-- Dataset section follows --

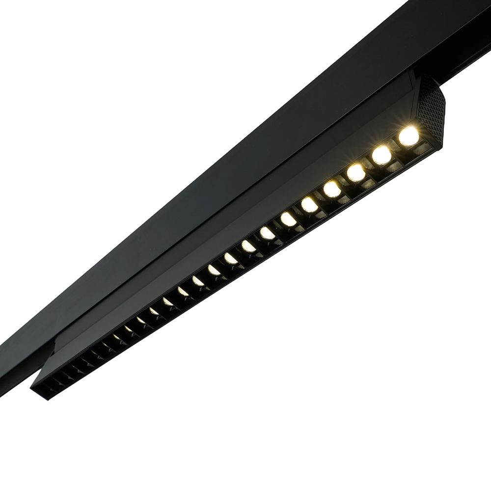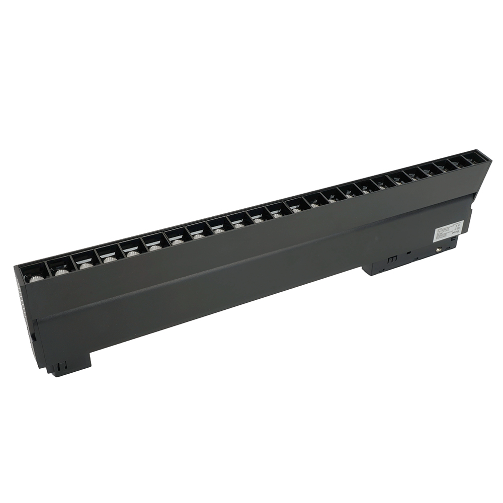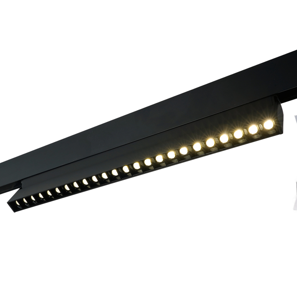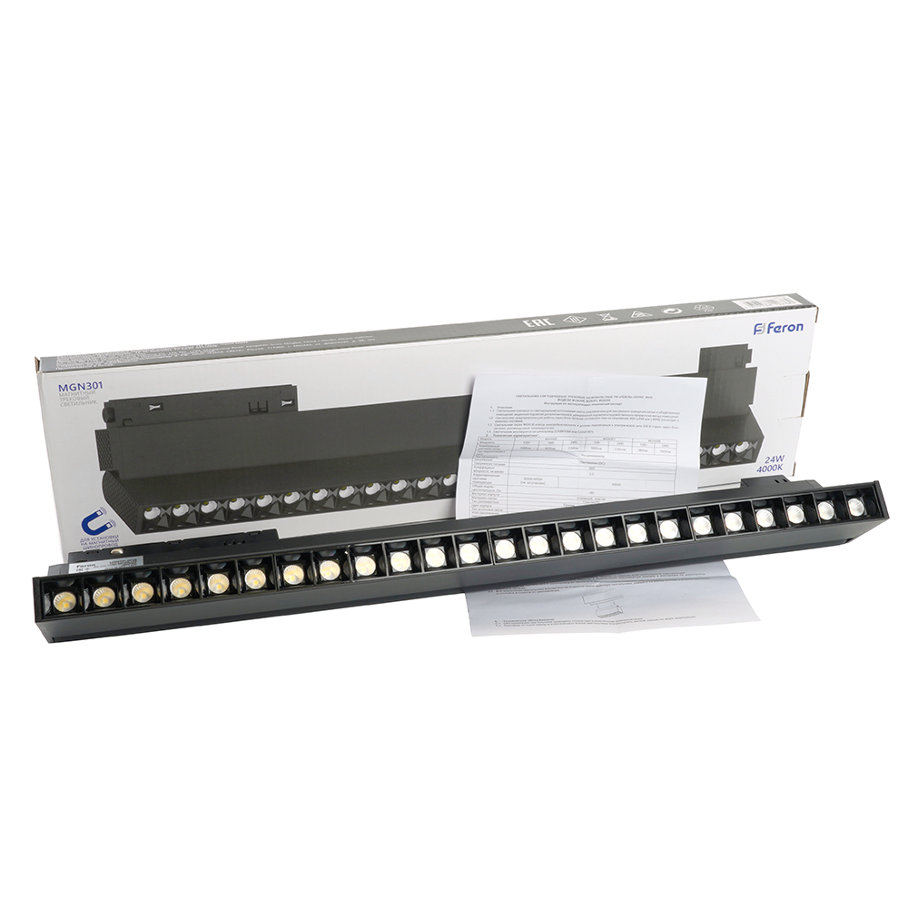 Светильник трековый на шинопровод, - (ДПО) FERON MGN301, 24W, 4000К (белый), 48V, 2160Lm, цвет черный, корпус алюминий, рассеиватель поликарбонат,/↓90°, 440*22*105 мм
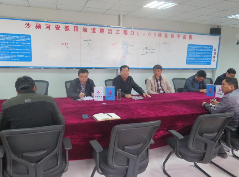 在沙潁河QL-03標項目部,李董事長一行在項目負責人的陪同下察看了引橋附屬、主橋懸澆的施工現場,重點檢查了現場的安全文明施工、臨時用電、臨邊防護,隨后在項目部會議室召開會議。
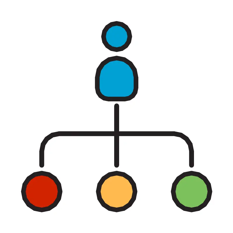<svg width="800px" height="800px" viewBox="0 0 50 50" data-name="Layer 1" id="Layer_1" xmlns="http://www.w3.org/2000/svg"><defs><style>.cls-1{fill:#231f20;}.cls-2{fill:#00a1d3;}.cls-3{fill:#ffba50;}.cls-4{fill:#7cc05b;}.cls-5{fill:#d12200;}</style></defs><title/><path class="cls-1" d="M25,11.107a3.3,3.3,0,1,0-3.3-3.3A3.307,3.307,0,0,0,25,11.107Z"/><path class="cls-2" d="M25,5.5a2.3,2.3,0,1,1-2.3,2.3A2.306,2.306,0,0,1,25,5.5Z"/><path class="cls-1" d="M23.223,21.7h3.554a2.856,2.856,0,0,0,2.853-2.853V16.573a4.63,4.63,0,1,0-9.26,0v2.278A2.856,2.856,0,0,0,23.223,21.7Z"/><path class="cls-2" d="M21.37,16.573a3.63,3.63,0,1,1,7.26,0v2.278A1.855,1.855,0,0,1,26.777,20.7H23.223a1.855,1.855,0,0,1-1.853-1.853Z"/><circle class="cls-1" cx="25" cy="41.073" r="4.427"/><circle class="cls-3" cx="25" cy="41.073" r="3.427"/><circle class="cls-1" cx="41.073" cy="41.073" r="4.427"/><circle class="cls-4" cx="41.073" cy="41.073" r="3.427"/><circle class="cls-1" cx="8.927" cy="41.073" r="4.427"/><circle class="cls-5" cx="8.927" cy="41.073" r="3.427"/><path class="cls-1" d="M8.927,35.92a.5.5,0,0,0,.5-.5V32.4a3.244,3.244,0,0,1,3.24-3.24H24.5V35.42a.5.5,0,0,0,1,0V29.156H37.333a3.244,3.244,0,0,1,3.24,3.24V35.42a.5.5,0,0,0,1,0V32.4a4.245,4.245,0,0,0-4.24-4.24H25.5V22.694a.5.5,0,0,0-1,0v5.462H12.667a4.245,4.245,0,0,0-4.24,4.24V35.42A.5.5,0,0,0,8.927,35.92Z"/></svg>
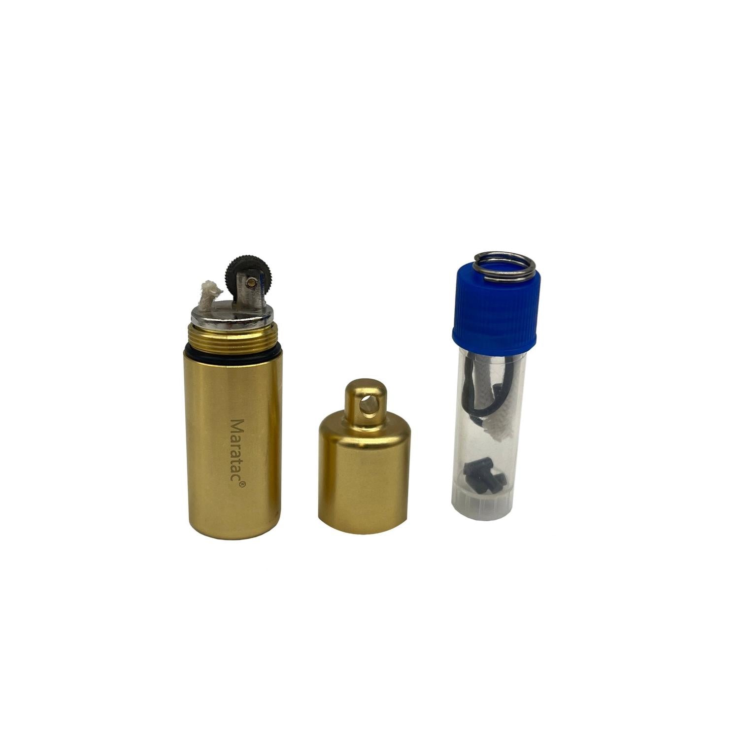 Complete Support Kit – Comes with spare flints, O-rings, wick, and a titanium 10mm split ring for immediate deployment

-- Dataset section concluded --

**What is needed:**
Where a picture appears, omit it; otherwise reproduce each line above from the first to the one with "在沙潁河QL-03標項目部,李董事長一行", inclusive.

**Your response:**
 Светильник трековый на шинопровод, - (ДПО) FERON MGN301, 24W, 4000К (белый), 48V, 2160Lm, цвет черный, корпус алюминий, рассеиватель поликарбонат,/↓90°, 440*22*105 мм
 在沙潁河QL-03標項目部,李董事長一行在項目負責人的陪同下察看了引橋附屬、主橋懸澆的施工現場,重點檢查了現場的安全文明施工、臨時用電、臨邊防護,隨后在項目部會議室召開會議。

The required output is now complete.